_Exercise data_
####################

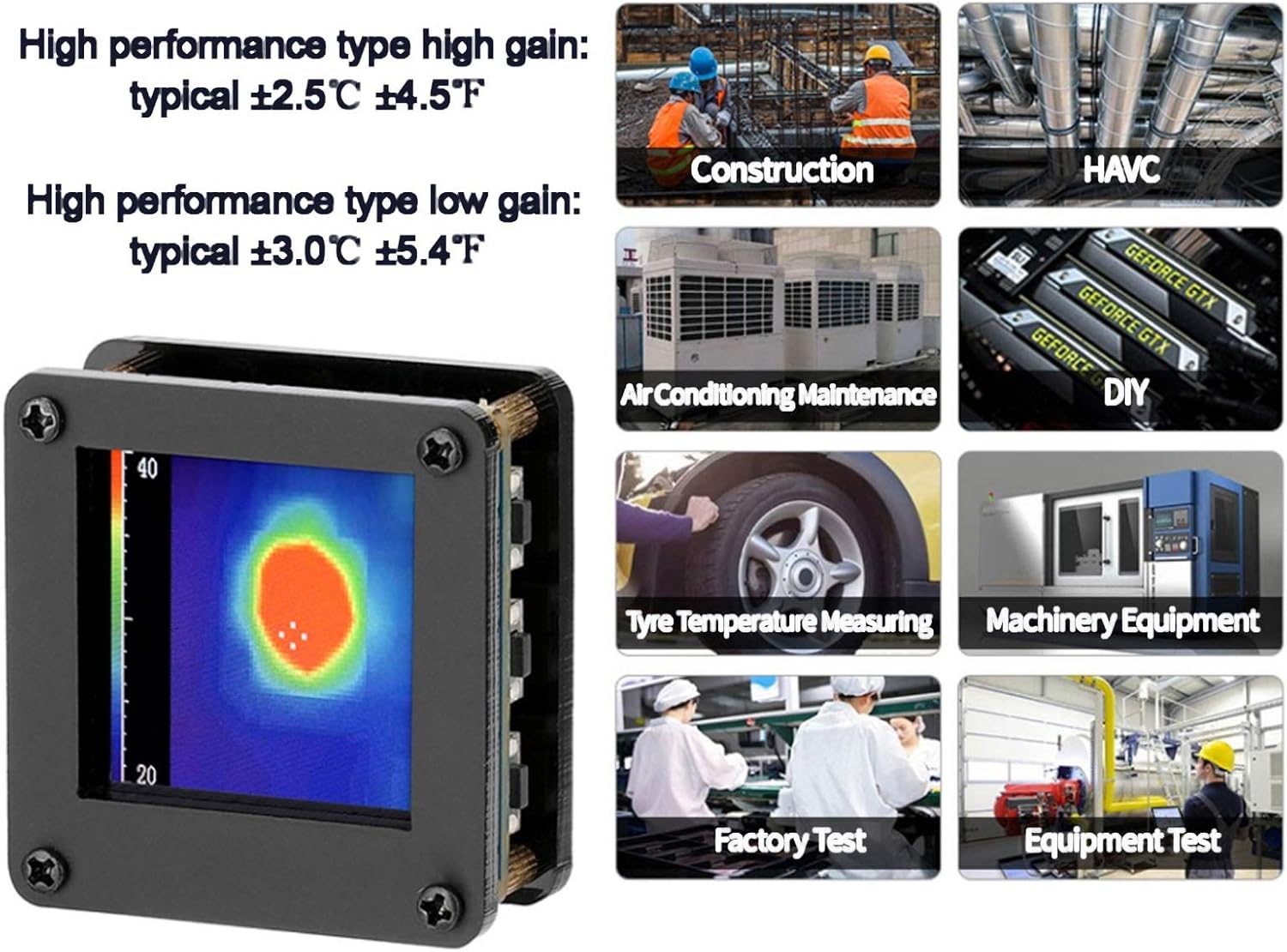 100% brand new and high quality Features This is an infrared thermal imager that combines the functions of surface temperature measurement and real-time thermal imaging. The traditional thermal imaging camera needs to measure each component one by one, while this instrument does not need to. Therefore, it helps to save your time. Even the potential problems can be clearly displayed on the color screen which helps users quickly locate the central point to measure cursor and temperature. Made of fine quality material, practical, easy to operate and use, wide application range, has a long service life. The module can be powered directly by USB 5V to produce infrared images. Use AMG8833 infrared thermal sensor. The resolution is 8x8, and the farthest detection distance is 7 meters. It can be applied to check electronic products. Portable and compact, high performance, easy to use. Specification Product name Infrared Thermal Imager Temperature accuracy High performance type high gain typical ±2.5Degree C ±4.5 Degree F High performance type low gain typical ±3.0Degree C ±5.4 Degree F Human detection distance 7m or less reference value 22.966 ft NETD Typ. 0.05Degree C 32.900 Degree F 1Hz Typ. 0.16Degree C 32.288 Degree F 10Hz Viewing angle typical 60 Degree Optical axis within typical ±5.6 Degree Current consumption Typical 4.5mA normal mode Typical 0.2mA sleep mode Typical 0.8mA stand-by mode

####################

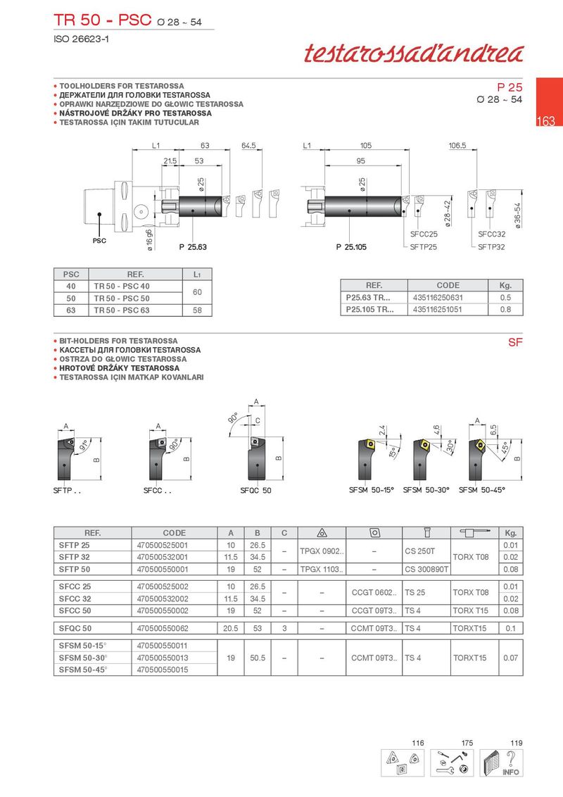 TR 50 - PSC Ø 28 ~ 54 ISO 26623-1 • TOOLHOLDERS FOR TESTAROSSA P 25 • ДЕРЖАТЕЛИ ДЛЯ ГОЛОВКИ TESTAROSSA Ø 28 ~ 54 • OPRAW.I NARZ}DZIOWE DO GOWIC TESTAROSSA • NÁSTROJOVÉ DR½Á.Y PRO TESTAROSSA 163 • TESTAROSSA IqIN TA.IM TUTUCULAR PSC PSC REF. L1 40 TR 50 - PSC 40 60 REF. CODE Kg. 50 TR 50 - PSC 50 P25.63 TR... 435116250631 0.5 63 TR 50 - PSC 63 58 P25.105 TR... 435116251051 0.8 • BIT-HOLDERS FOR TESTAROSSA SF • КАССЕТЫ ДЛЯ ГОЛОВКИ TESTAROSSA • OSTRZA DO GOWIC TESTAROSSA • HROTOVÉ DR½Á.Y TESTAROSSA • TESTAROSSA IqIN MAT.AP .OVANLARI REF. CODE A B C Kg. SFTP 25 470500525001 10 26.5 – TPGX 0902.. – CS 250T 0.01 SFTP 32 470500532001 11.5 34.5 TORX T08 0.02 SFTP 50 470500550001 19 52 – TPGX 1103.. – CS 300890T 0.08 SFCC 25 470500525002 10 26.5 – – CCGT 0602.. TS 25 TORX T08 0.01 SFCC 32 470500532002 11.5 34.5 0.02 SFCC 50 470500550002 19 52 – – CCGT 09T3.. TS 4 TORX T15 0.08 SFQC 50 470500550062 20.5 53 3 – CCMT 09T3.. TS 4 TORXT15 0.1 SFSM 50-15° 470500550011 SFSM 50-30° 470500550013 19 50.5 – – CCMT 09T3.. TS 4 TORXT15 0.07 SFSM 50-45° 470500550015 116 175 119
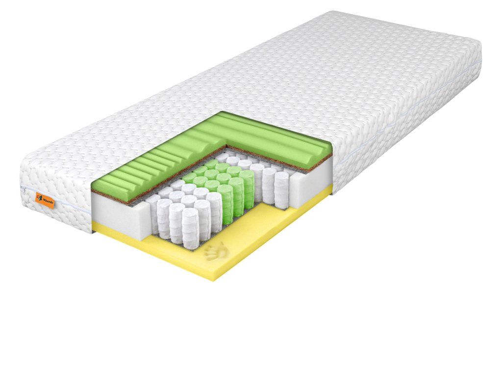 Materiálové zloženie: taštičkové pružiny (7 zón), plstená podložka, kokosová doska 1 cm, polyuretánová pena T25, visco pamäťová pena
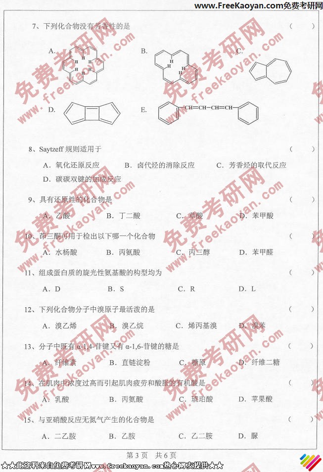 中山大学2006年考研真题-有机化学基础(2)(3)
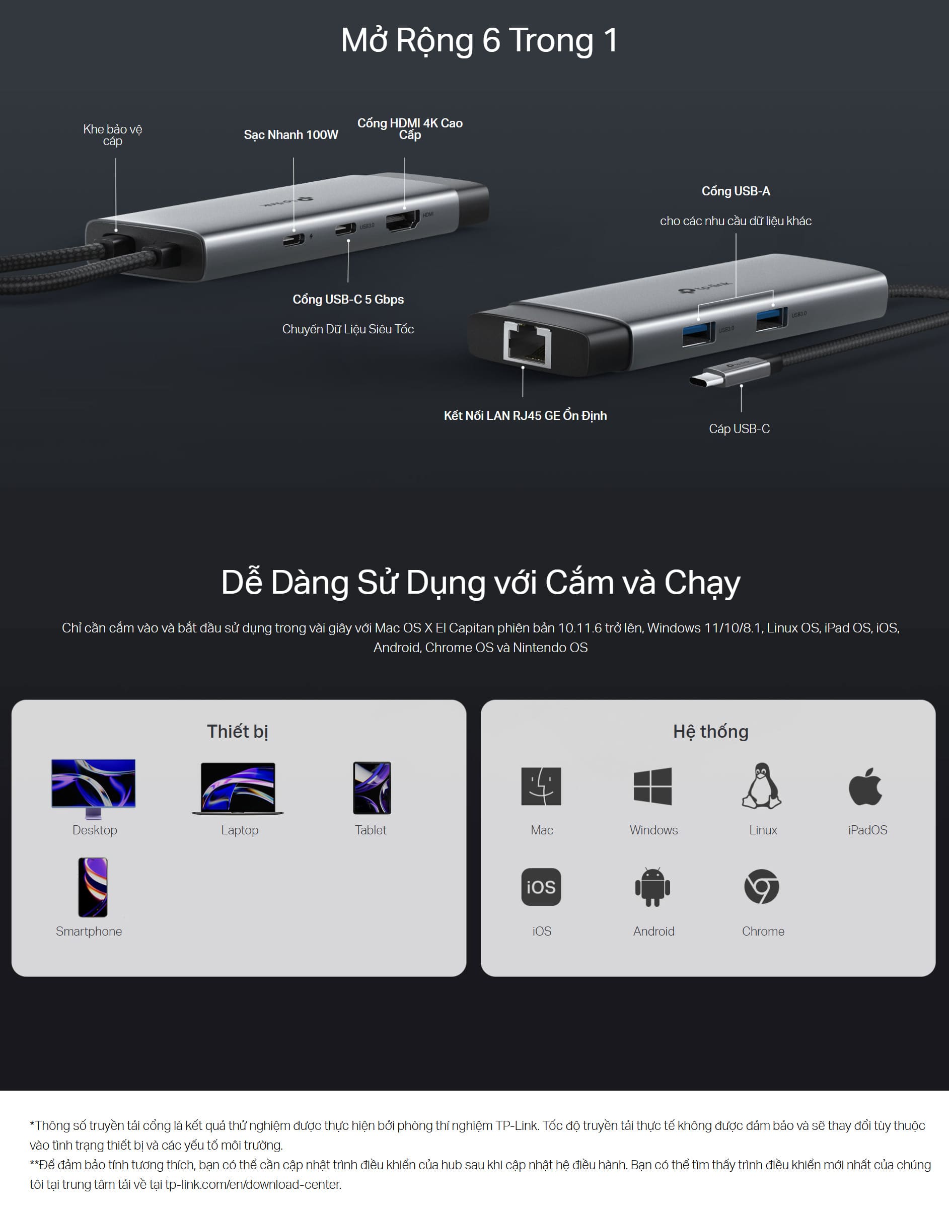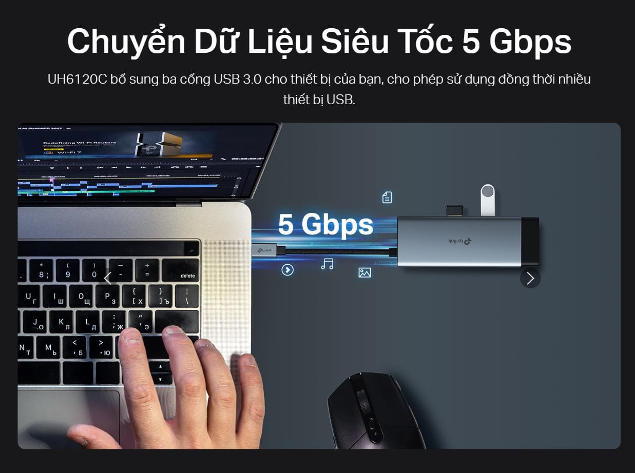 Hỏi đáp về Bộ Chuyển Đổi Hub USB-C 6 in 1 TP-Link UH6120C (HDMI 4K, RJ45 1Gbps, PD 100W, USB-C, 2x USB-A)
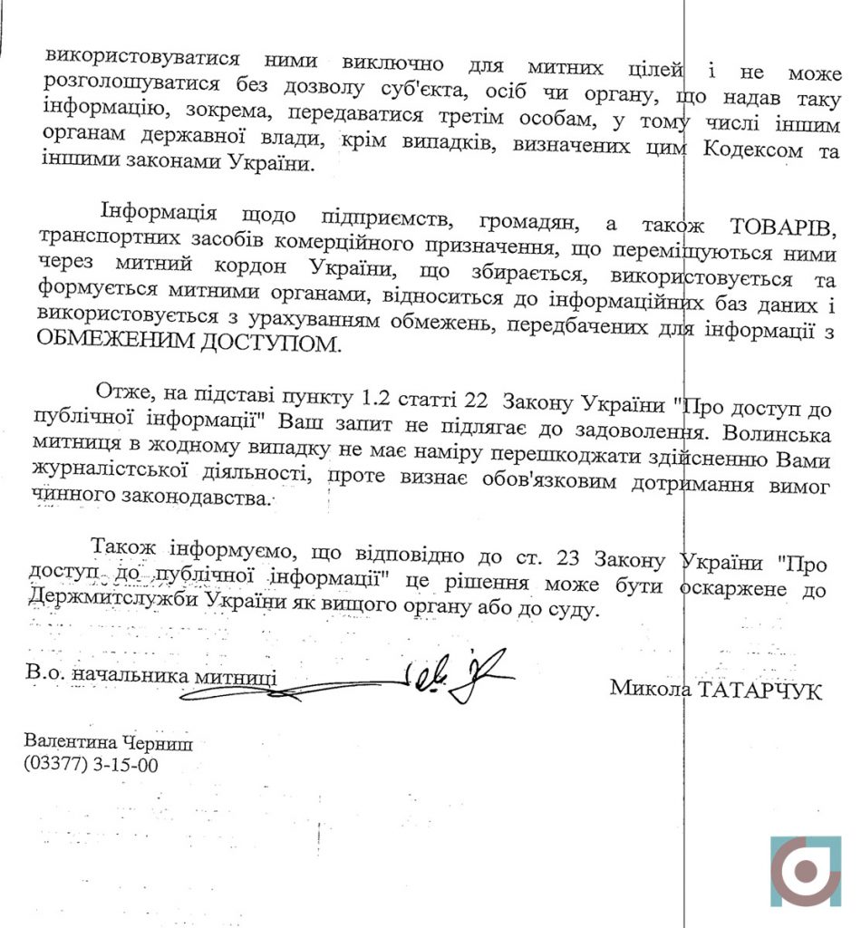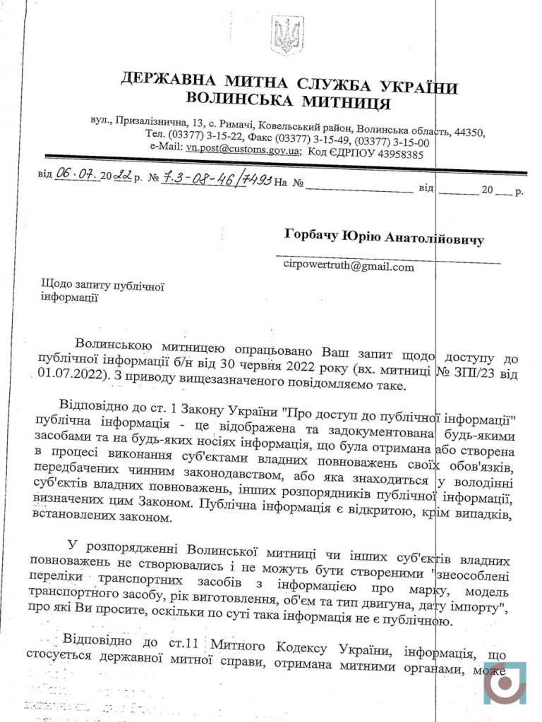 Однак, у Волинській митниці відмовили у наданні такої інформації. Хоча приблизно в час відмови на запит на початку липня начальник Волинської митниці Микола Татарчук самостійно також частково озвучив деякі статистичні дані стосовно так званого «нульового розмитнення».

####################

_Required action_
Once the line with "Hỏi đáp về Bộ" is found in the data above, reproduce it and each line after it exactly, through the line with "Однак, у Волинській". Omit the pictures.

_Answer for this exercise_
 Hỏi đáp về Bộ Chuyển Đổi Hub USB-C 6 in 1 TP-Link UH6120C (HDMI 4K, RJ45 1Gbps, PD 100W, USB-C, 2x USB-A)
 Однак, у Волинській митниці відмовили у наданні такої інформації. Хоча приблизно в час відмови на запит на початку липня начальник Волинської митниці Микола Татарчук самостійно також частково озвучив деякі статистичні дані стосовно так званого «нульового розмитнення».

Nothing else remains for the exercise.